**Task details:** Nothing outside the range is to be copied. From the entries below, reproduce exactly the lines starting at the one with "Chanel 25 Mini Handbag Suede Gold Tone Metal Coffee AS5631Chanel" and ending at the one with "Cotton Rich Ribbed", without pictures.

-------- Supplied material --------

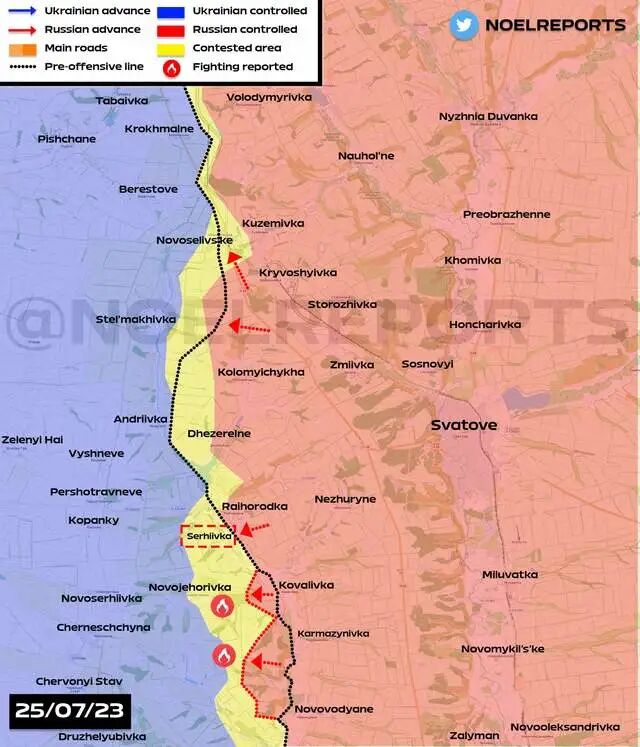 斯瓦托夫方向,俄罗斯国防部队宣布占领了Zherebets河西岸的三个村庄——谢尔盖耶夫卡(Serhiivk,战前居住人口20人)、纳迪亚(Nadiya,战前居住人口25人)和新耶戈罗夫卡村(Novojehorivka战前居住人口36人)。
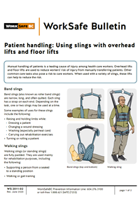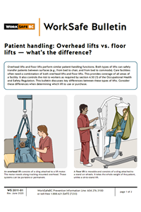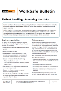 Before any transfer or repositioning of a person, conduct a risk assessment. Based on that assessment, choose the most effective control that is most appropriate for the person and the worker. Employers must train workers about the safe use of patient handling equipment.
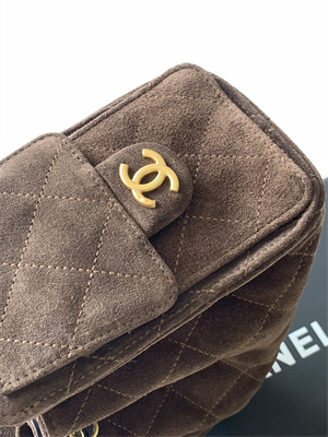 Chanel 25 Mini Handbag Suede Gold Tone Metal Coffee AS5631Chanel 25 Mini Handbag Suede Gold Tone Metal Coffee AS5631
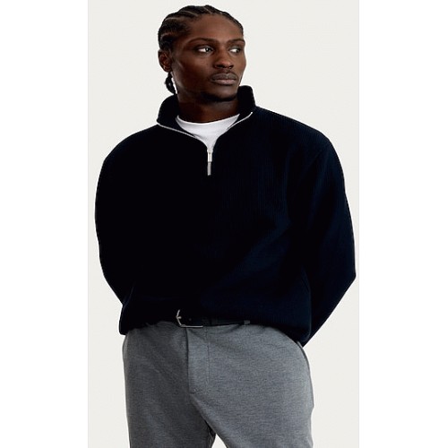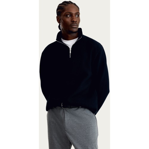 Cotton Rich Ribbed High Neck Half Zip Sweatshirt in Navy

--------
-------- Supplied material --------

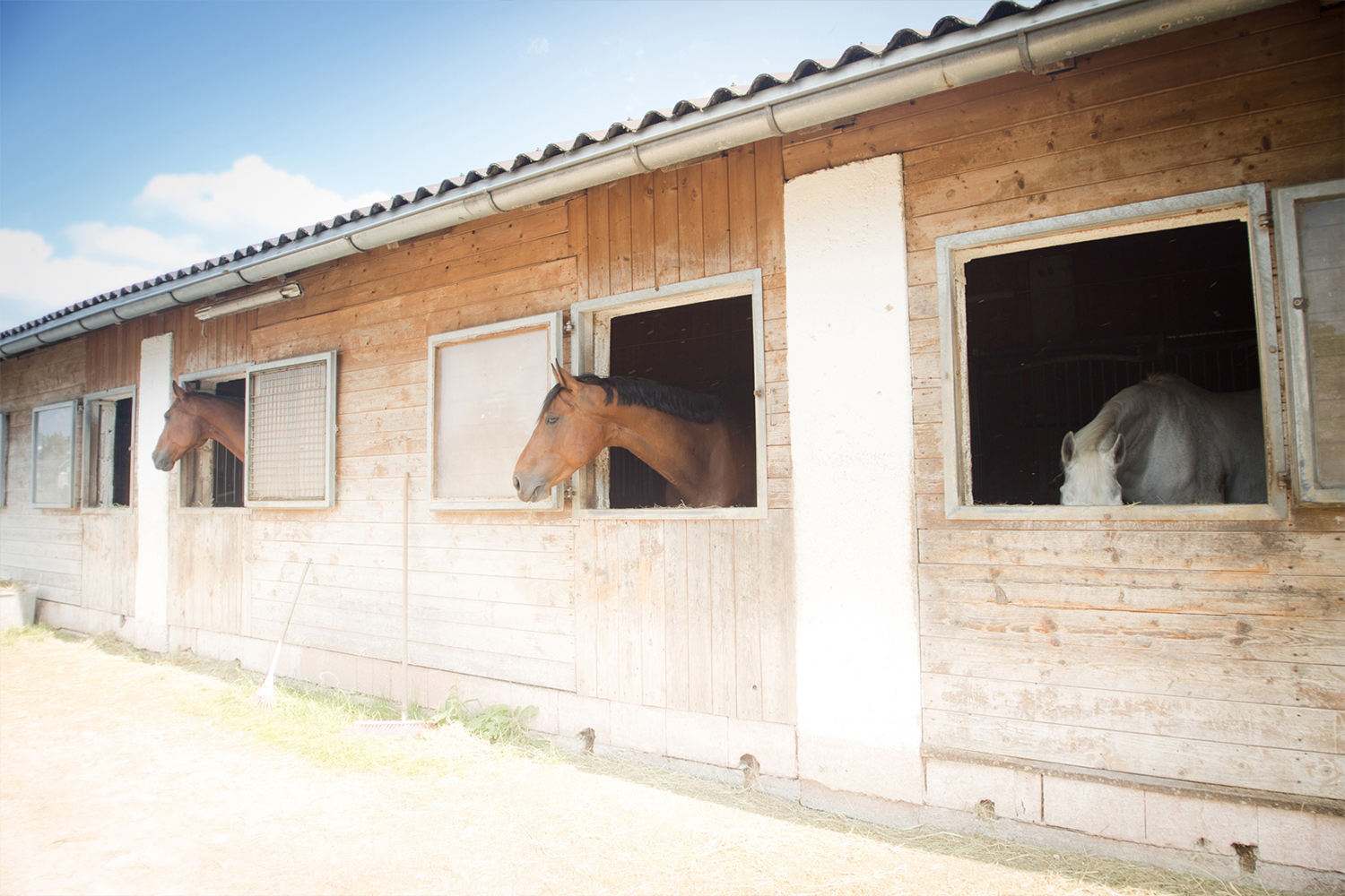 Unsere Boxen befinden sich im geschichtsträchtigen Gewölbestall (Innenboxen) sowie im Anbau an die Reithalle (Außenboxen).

--------

**Exercise output:**
 Chanel 25 Mini Handbag Suede Gold Tone Metal Coffee AS5631Chanel 25 Mini Handbag Suede Gold Tone Metal Coffee AS5631
 Cotton Rich Ribbed High Neck Half Zip Sweatshirt in Navy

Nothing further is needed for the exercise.